Smart Growth for Vernon, CT

Sprawl bonus

EDITORIALS & COMMENT

Journal Inquirer
January 29, 2005

[Note: this is one part of a three part editorial entitled "Judge Lopez, sprawl bonus, and politically correct disease."]

Chris Powell

CHRIS POWELL

Where are the liberals and environmentalists when you need them?

Lt. Gov. Kevin B. Sullivan, generally considered both, has endorsed legislation to allow municipalities to keep part of the sales tax revenue generated within their borders. The claim is that towns that have commercial development need extra help from the state in supporting costs like those of road maintenance and police protection.

The claim is completely bogus because commercial development is a revenue-producer, not a tax drain, so much so that many towns encourage it with property tax breaks.

Towns with a lot of commercial development will favor the legislation as a device for getting them more state financial aid. But the estimated $54 million per year to be diverted from the state to the commercially developed towns will have to be made up by cutting somewhere else, and the most likely target will be state aid to other towns, towns that have little development.
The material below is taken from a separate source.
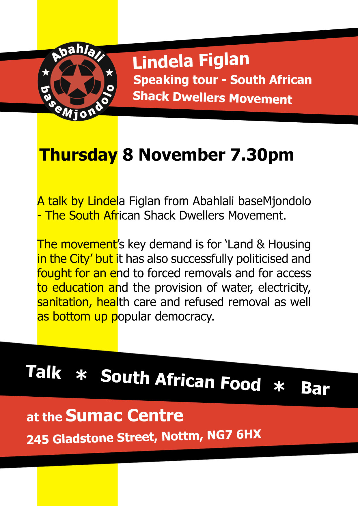 A talk by Lindela Finglan from Abahali baseMjondolo, the South African Shack Dwellers Movement. Thursday 8 November, 7.30pm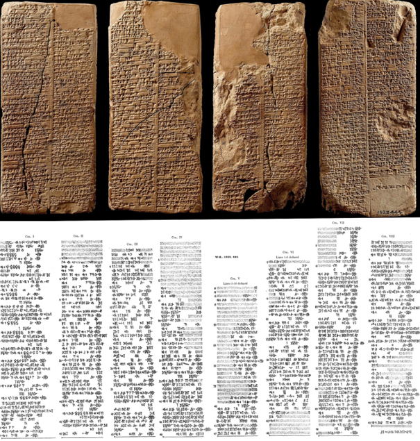 除了以上各种推断,还有更夸张的说法,来自天上,就是来自外星球,而且这还是最有证据及说服力的一个,就是出土的苏美尔人自己用楔形文字记载的泥板文献,“苏美尔王表”,记录苏美尔文明历届君主及其统治时间的文献,其实苏美王表有不同时期的不同版本,其中大部分可以追溯到古巴比伦时期,但最古老的版本可以追溯到乌尔三世时期。记录王表的泥板通常在美索不达米亚南部发现,这些版本在具体内容上有所不同,有些章节没有出现,有些章节以不同的顺序排列,国王的名字可能没有出现,或者他们统治的时间长短可能不同,这些差异即可能是复制错误的结果,也可能是经过深思熟虑的编辑决定改变文本以适应当时社会环境的需要。在已知的最古老的版本中,追溯到乌尔三世时期(公元前2112-2004年),但可能是基于阿卡德的原始材料,王表反映了从第一个获得王权的城市基什到阿卡德的权力过渡。在后来的古巴比伦时期的版本中,这个王表包括了大量的城市和这些城市之间的王权转移,也反映了王权如何来到一个城市,然后不可避免地被下一个城市取代的周期性观点。王表有一个明显的时间节点就是大洪水前和大洪水后,前者指史前,后者才是历史时期,从基什第一王朝到伊辛王朝,后者经考古认证已经有部分记载的城市被挖掘出土,最让学者困惑的是王表上提到国王的在位时间,不管是大洪水之前记载的一个国王几万年的在位时间还是大洪水之后一个国王几百年的在位时间,感觉都不符合我们的认知常识

This will only feed the cycle of what environmentalists call suburban sprawl, the compulsion of rural towns to chop themselves up with strip malls to raise property tax revenue as the expense of state mandates, like binding arbitration of public employee union contracts, increases so much faster than the tax base of rural towns. Now towns would get a state bonus for sprawl.

Further, commercial development is no determinant of a town's financial need. Some prosperous towns have much development while some poor towns have none.

It is a principle of liberalism that appropriations and tax breaks should be more means-tested, but surrendering a portion of state sales taxes to commercially developed towns would make public finance less so.

The sales tax diversion legislation is just a shell game whose only point is patronage.

Chris Powell is managing editor of the Journal Inquirer. His views are not necessarily the newspaper's.